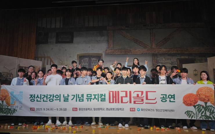[뉴스다컴] 함안군보건소는 2025년 정신건강의 날(10월 10일)을 기념해 지난 24일부터 26일까지 3일간 관내 중앙초등학교, 칠성중학교, 경남로봇고등학교 재학생과 교직원 등 250여 명을 대상으로 찾아가는 생명존중 뮤지컬 ‘메리골드’를 공연했다고 밝혔다.
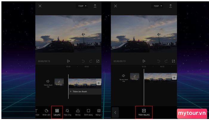 Chọn video bạn muốn sử dụng và nhấn 'Thêm.' Bạn có thể chọn nhiều video để tạo sự đa dạng trong nội dung của bạn. Đồng thời, nhấn 'Lớp phủ' để bắt đầu quá trình chèn ảnh.
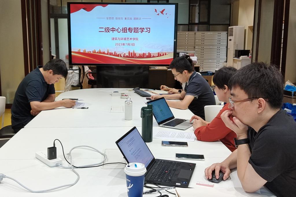 为了深入推进学习习近平新时代中国特色社会主义思想主题教育走深走实,7月3日下午,建筑与环境艺术学院召开二级中心组专题学习,学院党总支副书记郭辉、院长黄耘(线上)、副院长黄红春分别作领学发言,总支委员、各支部书记参加会议,主题教育工作组成员王世臣等列席会议。会议由郭辉主持。
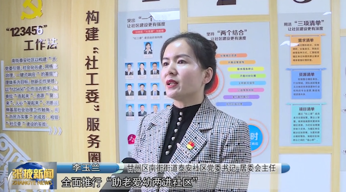 甘州区南街街道泰安社区党委书记、居委会主任李玉兰:“全面推行‘助老爱幼两进社区’,真正实现老有颐养、幼有善育,营造和谐幸福的社会氛围。”
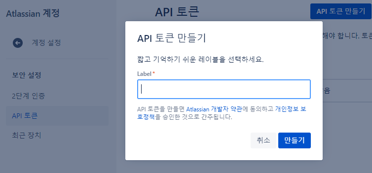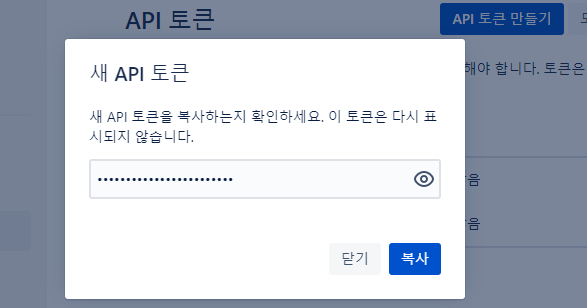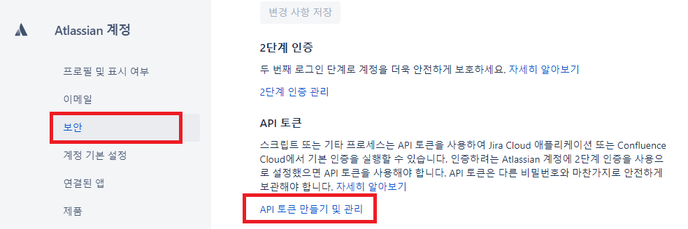 - 따라서 비밀번호를 입력할 수 없으므로 Atlassian의 계정 정보 설정에서 API token을 생성해야 한다.
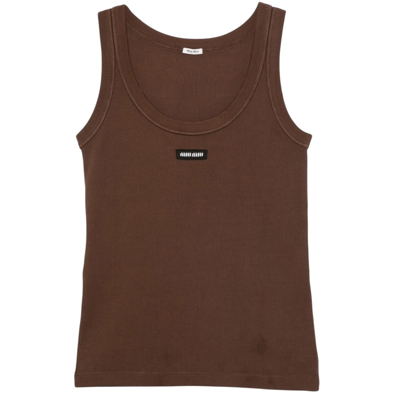 Вышитый логотип Miu Miu с его культовым штрихом выделяется на простых, облегающих линиях этого топа.
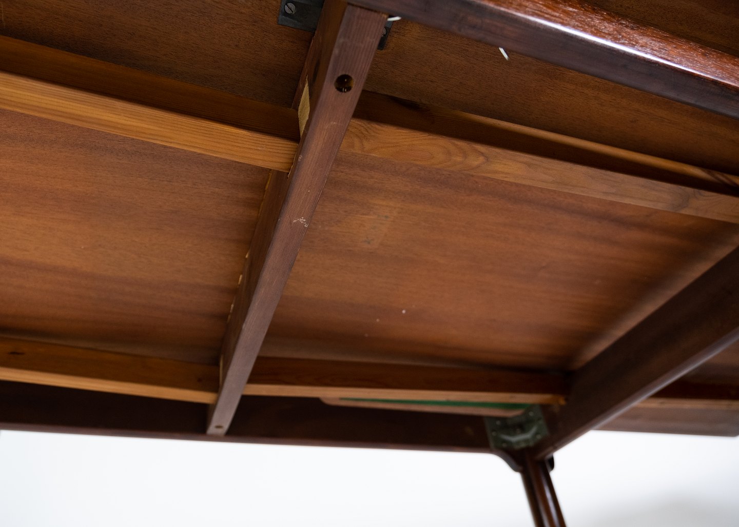Bordet er i flot vintagestand, hvilket afspejler den omhyggelige vedligeholdelse og kvaliteten af håndværket. Med det hollandske udtræk kan bordet nemt tilpasses efter behov, hvilket gør det ideelt til både daglig brug og større sammenkomster.
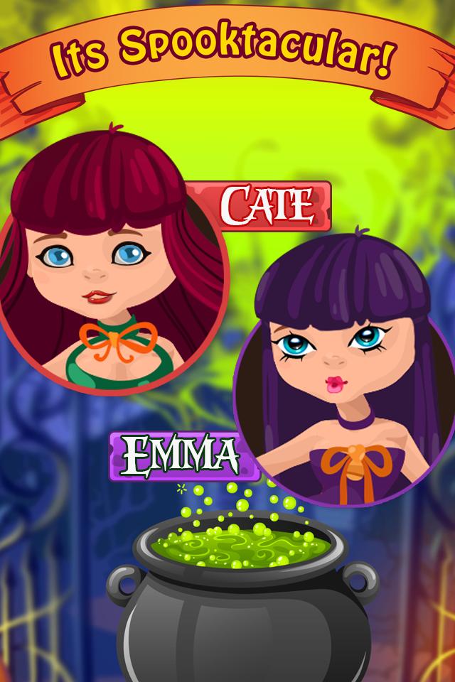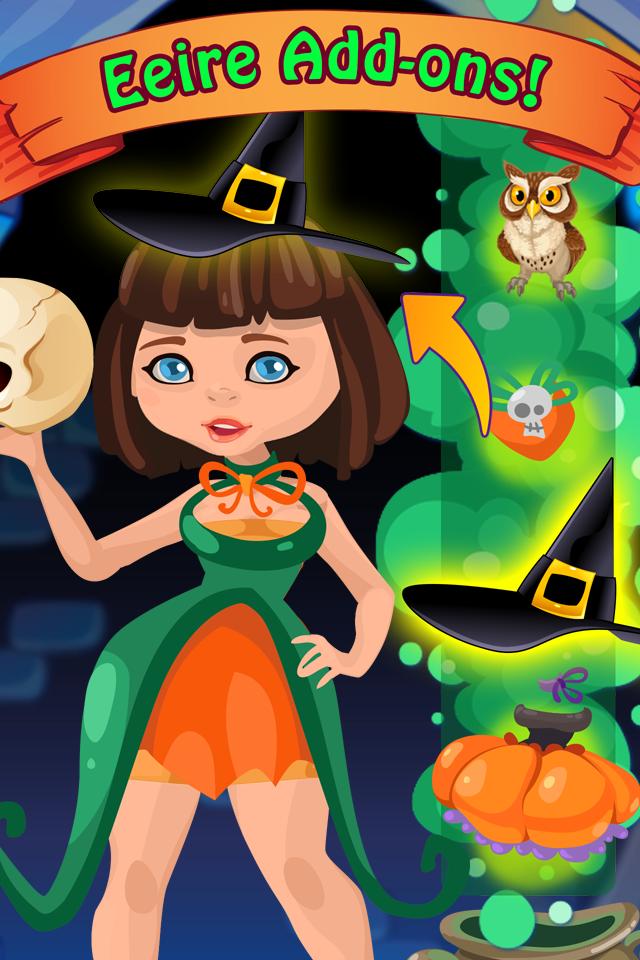 Style her hair; pick clothing, masks and colorful hats, and even scary pumpkins to complete the spooky girl impression.
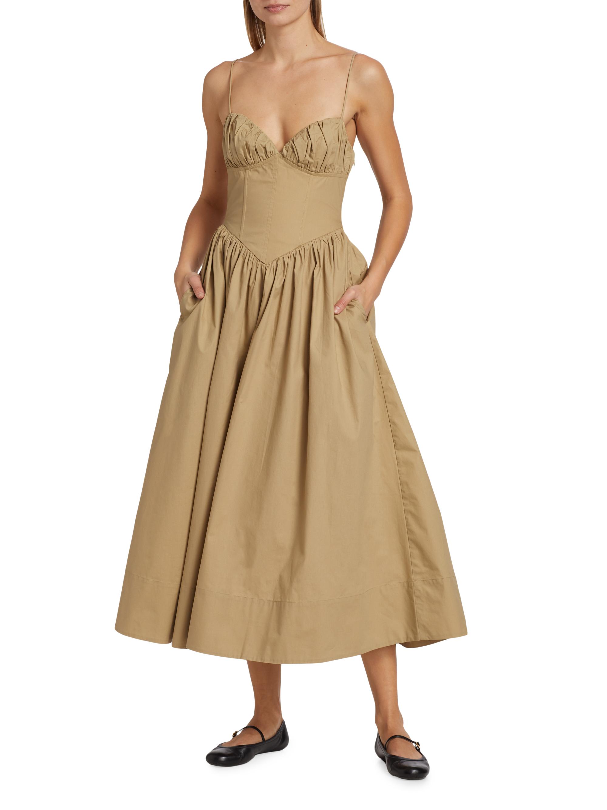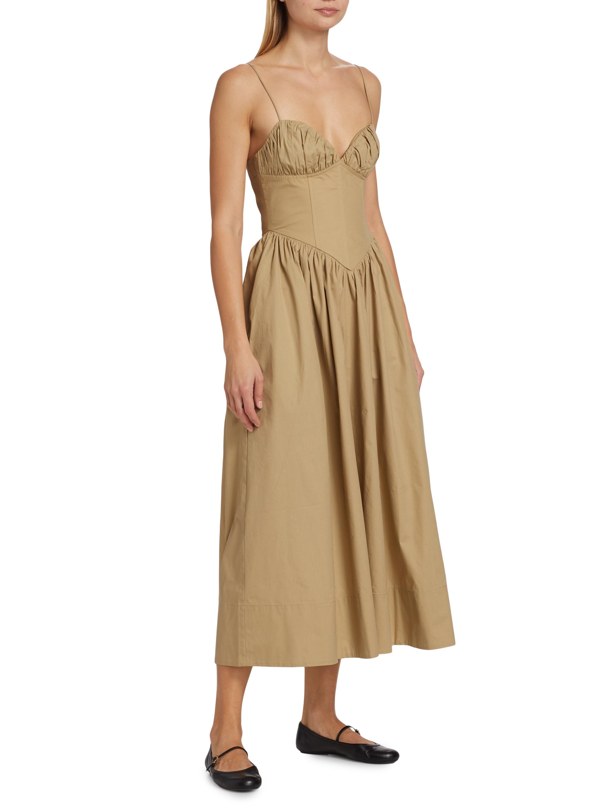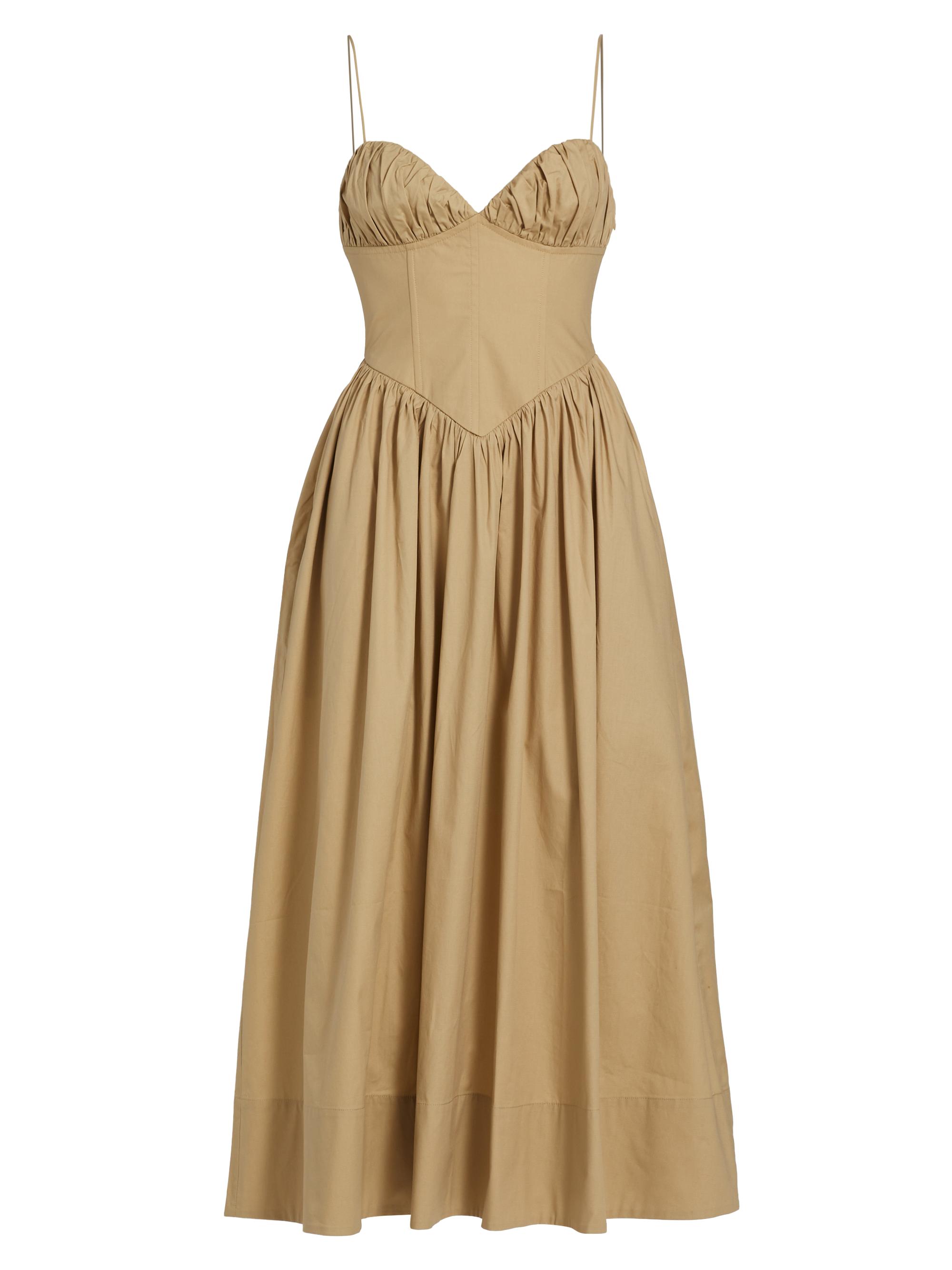 Ronny Kobo Carmine Cotton Corset Midi-Dress SAND

▶ _REQUIREMENT_: Output, exactly and only: the line containing "Style her hair;", the last line of the listing above, and every line in between. Leave the pictures out.

▶ _REPLY TO THE EXERCISE_:
 Style her hair; pick clothing, masks and colorful hats, and even scary pumpkins to complete the spooky girl impression.
 Ronny Kobo Carmine Cotton Corset Midi-Dress SAND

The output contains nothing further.